Digital competition is forcing both new and traditional news outlets to move in the direction of quantity over quality.

I ran across a fascinating tell-all article recently by a journalist, detailing her experience writing for an online news site covering the tech business. 

It basically affirms every fear an intelligent news consumer could have about the online news business. In Bekah Grant’s description of her two years reporting for VentureBeat, speed was the one and only goal that mattered.

“When a story breaks, you could take a couple hours to do research, call to sources, and write a contextualized, edited piece — but by that time, five of your competitors will have posted on the story,” she wrote. “You will look slow and readers will have moved onto the next thing. The reality is that original reporting and careful editing fall by the wayside in the desire to be fast.” [emphasis added]

When I was a newspaper reporter, I was proud of being a consistent 200-bylines-a-year guy. That basically meant I averaged around a story a day – pretty good production, considering that a reporter’s year always includes a bunch of stories that take days or even weeks to report and write. Grant wrote 1,740 stories in 20 months at VentureBeat, or roughly five per day.

And they weren’t often stories that will live in the annals of journalism.

World of Miley Cyrus and cat videos

“In a perfect world, important stories would attract the most pageviews, but that is not the world we live in,” Grant wrote. “Miley Cyrus and cat videos get more pageviews than stories about homelessness or healthcare. To write the stories you want, you have to feed the machine. And the machine likes junk food.”

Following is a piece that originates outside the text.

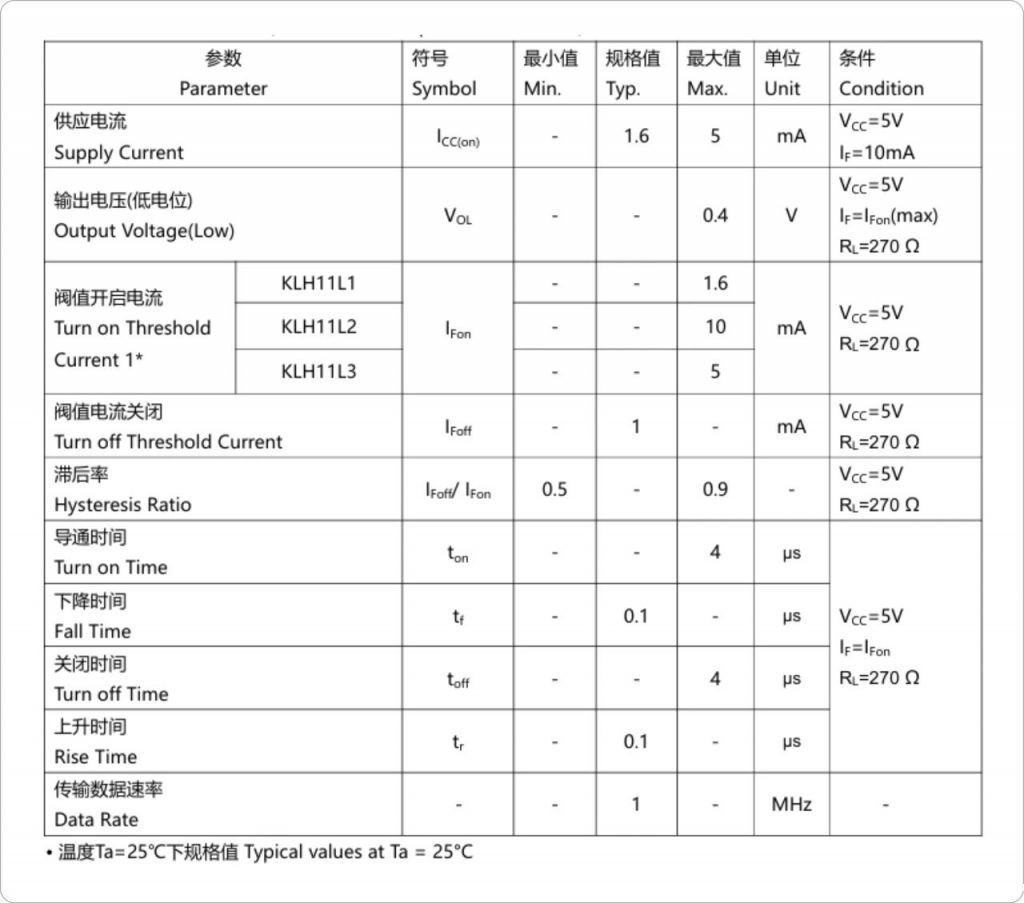 KLH11LX系列由一个砷化镓红外发光二极管和一个高速集成电路检测器组成,该输出检测器包含了一个施密特触发器,利用其回滞特性,便于脉冲整形,提高抗噪性能。

Grant’s experience doesn’t speak for every online journalist, of course. Many online news sites – like this one – provide their readers with thoroughly reported, carefully edited stories. And Grant’s beat – technology news – is one of the most competitive. When you’re reporting on the geek world, you have to move as quickly as the geeks do.

But digital competition is forcing traditional news outlets to move in the same direction. Newspapers across the nation have slashed their editing ranks deeply. Stories that used to be passed through the hands of three, four or five editors now are vetted by one – or none. And many traditional news outlets, like the (Portland) Oregonian, are demanding that their reporters post multiple news items a day, piecing together a story bit by bit rather than waiting until they’ve collected all the information. The Oregonian is requiring beat reporters to post at least three times a day to the paper’s website, and reporters’ pay will be tied in part to how many pageviews their stories get.

You can see where this is going. But I’ll leave the final word to Matthew Bidwell, a management professor at Wharton, the University of Pennsylvania’s graduate business school. Bidwell noted that quotas are an employer’s way of telling employees what they want from them.

“In the case of The Oregonian, employers want a greater quantity of journalism,” Bidwell told the Knowledge@Wharton blog. “They’ll get it; but the quality will likely go down. You get what you pay for.”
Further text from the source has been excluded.